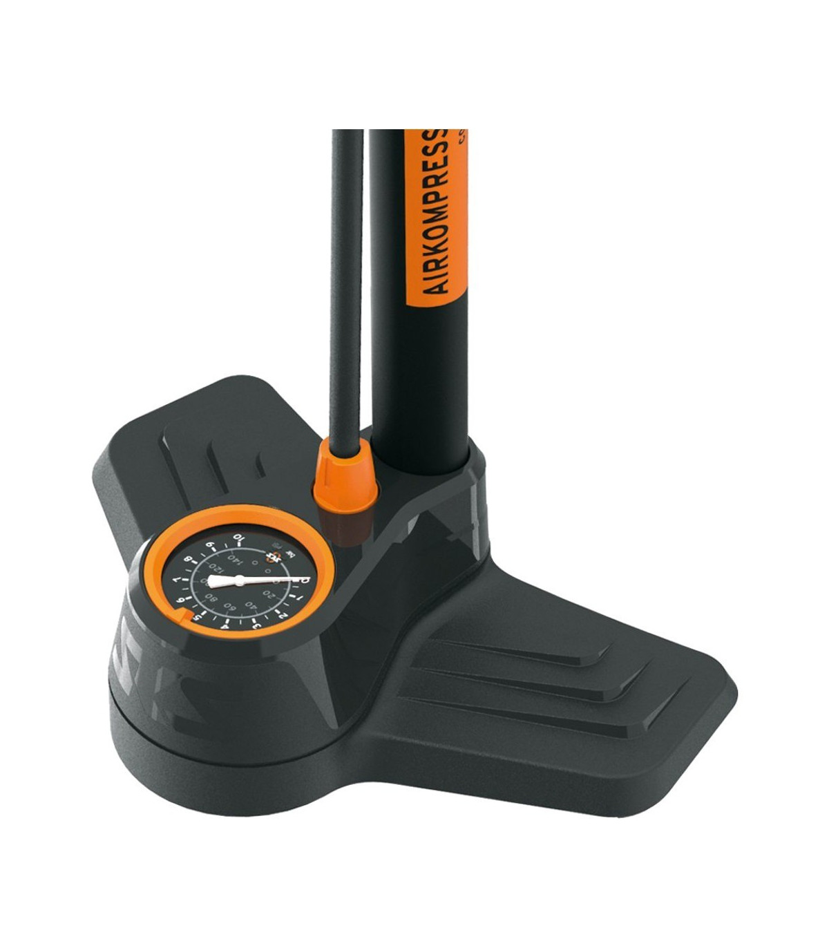 Pompka podłogowa Airkompressor Compact 10.0 produkowana przez renomowaną niemiecką firmę SKS. Solidna podstawa wykonana z tworzywa sztucznego zapewnia pompce odpowiednią stabilność, a wykonany z tego samego materiału uchwyt wygodnie leży w dłoni. Pompkę wyposażono w precyzyjny manometr, który znacznie ułatwia odczyty ciśnienia. Zastosowana końcówka "MV Easy" Multi Valve Head sprawia, że pompkę można używać ze wszystkimi typami wentyli - AV, SV oraz DV. Pompka oferuje maksymalne ciśnienie w granicach 10 bar (144 PSI).
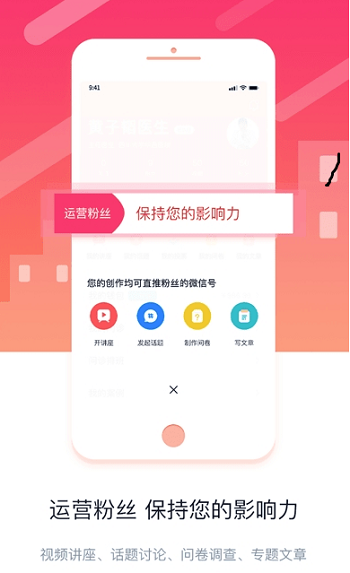 专为医护人员所设计的个人品牌营销工具,医生可进行专题直播讲座、面对面视频问诊,并一键制作名片、海报、文章、福卡等吸粉物料,快速吸粉,快速分销。
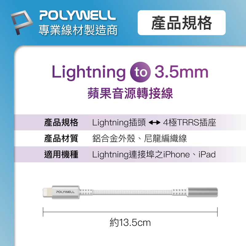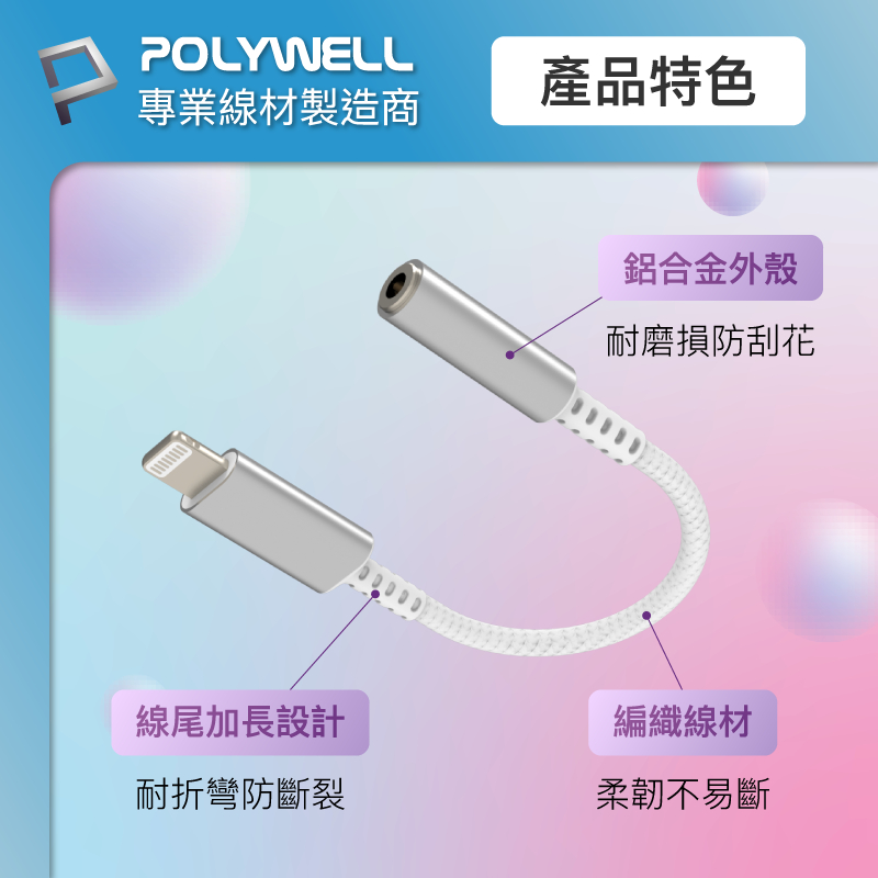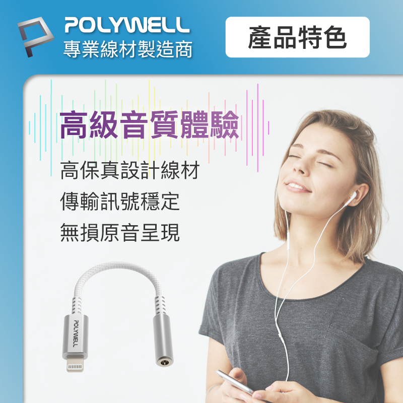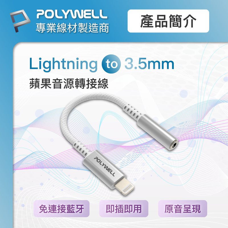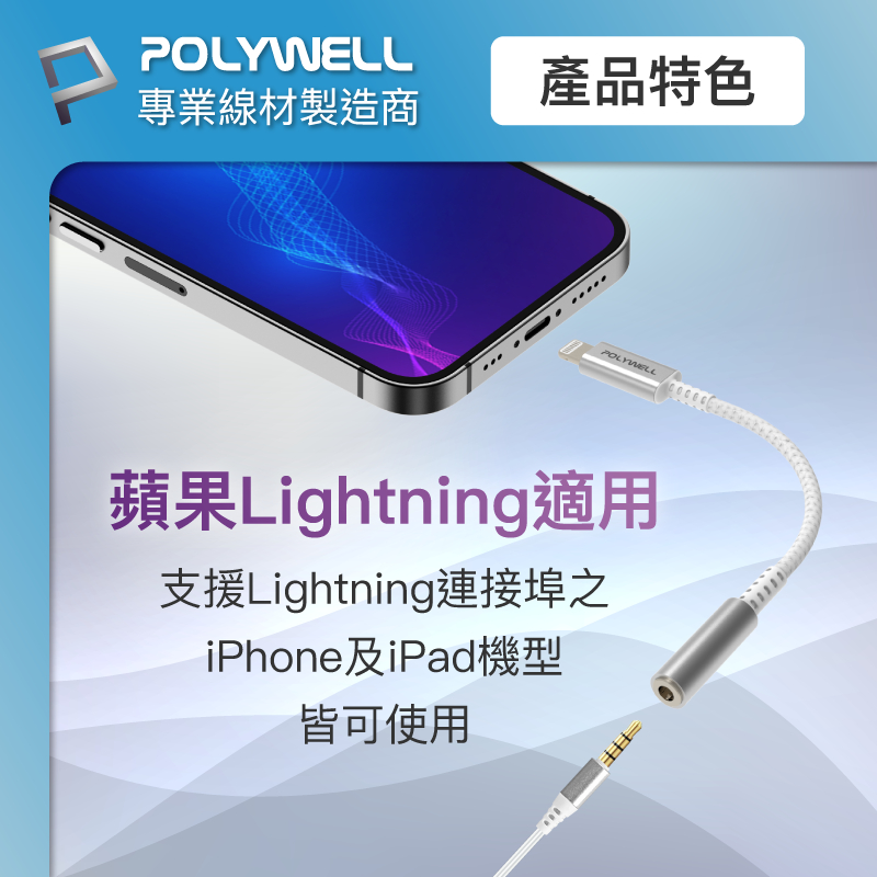 POLYWELL Lightning轉3.5mm 音源耳機轉接線 即插即用 全功能 適用iPhone 寶利威爾 台灣現貨Lightning轉3.5mm 音源耳機Cables, Chargers & ConvertersPOLYWELL寶利威爾官方旗艦店
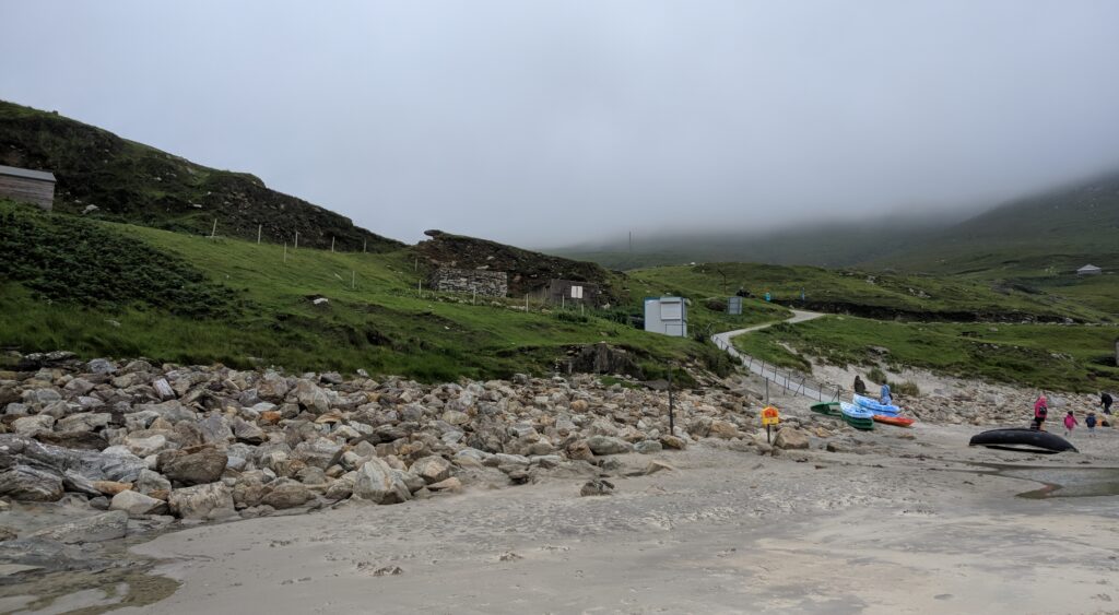 We headed to Keen beach, very close to Keel’s campsite. This was an old whale shark watching (and fishing) spot, which has now been left for recreational use. A nice visit, here it is supposed to be a path to the cliffs but were not able to see it with the fog and the wind (we also did not know exactly where to start walking). Anyway we spent some time in the beach playing some time before getting frozen.
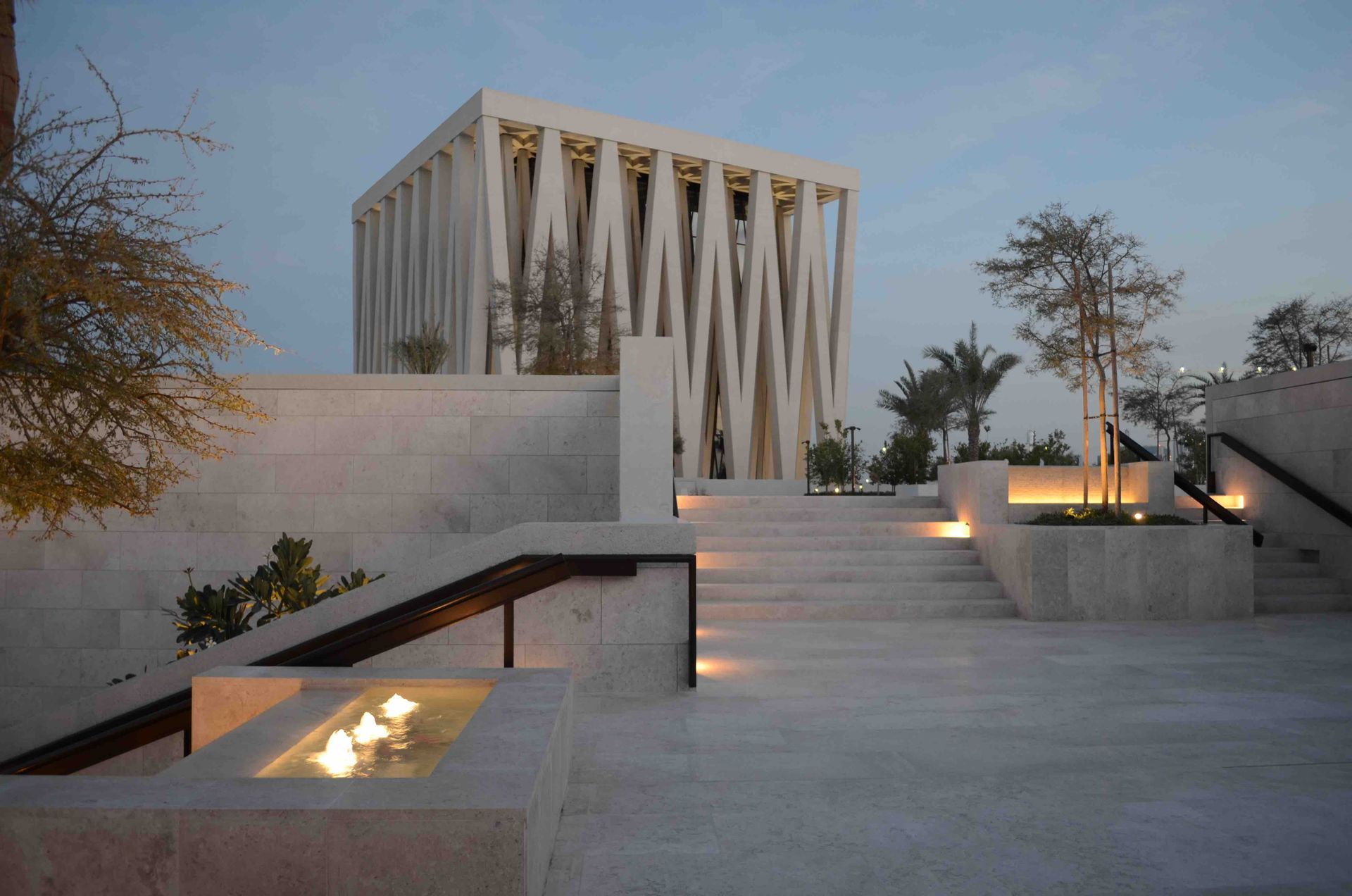 At dusk, an illuminated central staircase transitions from the complex’s one-story plinth to the Abrahamic Family House’s raised garden, with Moses Ben Maimon Synagogue in the background.

++++++++++++++++++++

▶ _Work request_
Once the pictures are set aside, give the rest of the listing again exactly.

▶ _Response to this exercise_
 Pompka podłogowa Airkompressor Compact 10.0 produkowana przez renomowaną niemiecką firmę SKS. Solidna podstawa wykonana z tworzywa sztucznego zapewnia pompce odpowiednią stabilność, a wykonany z tego samego materiału uchwyt wygodnie leży w dłoni. Pompkę wyposażono w precyzyjny manometr, który znacznie ułatwia odczyty ciśnienia. Zastosowana końcówka "MV Easy" Multi Valve Head sprawia, że pompkę można używać ze wszystkimi typami wentyli - AV, SV oraz DV. Pompka oferuje maksymalne ciśnienie w granicach 10 bar (144 PSI).
 专为医护人员所设计的个人品牌营销工具,医生可进行专题直播讲座、面对面视频问诊,并一键制作名片、海报、文章、福卡等吸粉物料,快速吸粉,快速分销。
 POLYWELL Lightning轉3.5mm 音源耳機轉接線 即插即用 全功能 適用iPhone 寶利威爾 台灣現貨Lightning轉3.5mm 音源耳機Cables, Chargers & ConvertersPOLYWELL寶利威爾官方旗艦店
 We headed to Keen beach, very close to Keel’s campsite. This was an old whale shark watching (and fishing) spot, which has now been left for recreational use. A nice visit, here it is supposed to be a path to the cliffs but were not able to see it with the fog and the wind (we also did not know exactly where to start walking). Anyway we spent some time in the beach playing some time before getting frozen.
 At dusk, an illuminated central staircase transitions from the complex’s one-story plinth to the Abrahamic Family House’s raised garden, with Moses Ben Maimon Synagogue in the background.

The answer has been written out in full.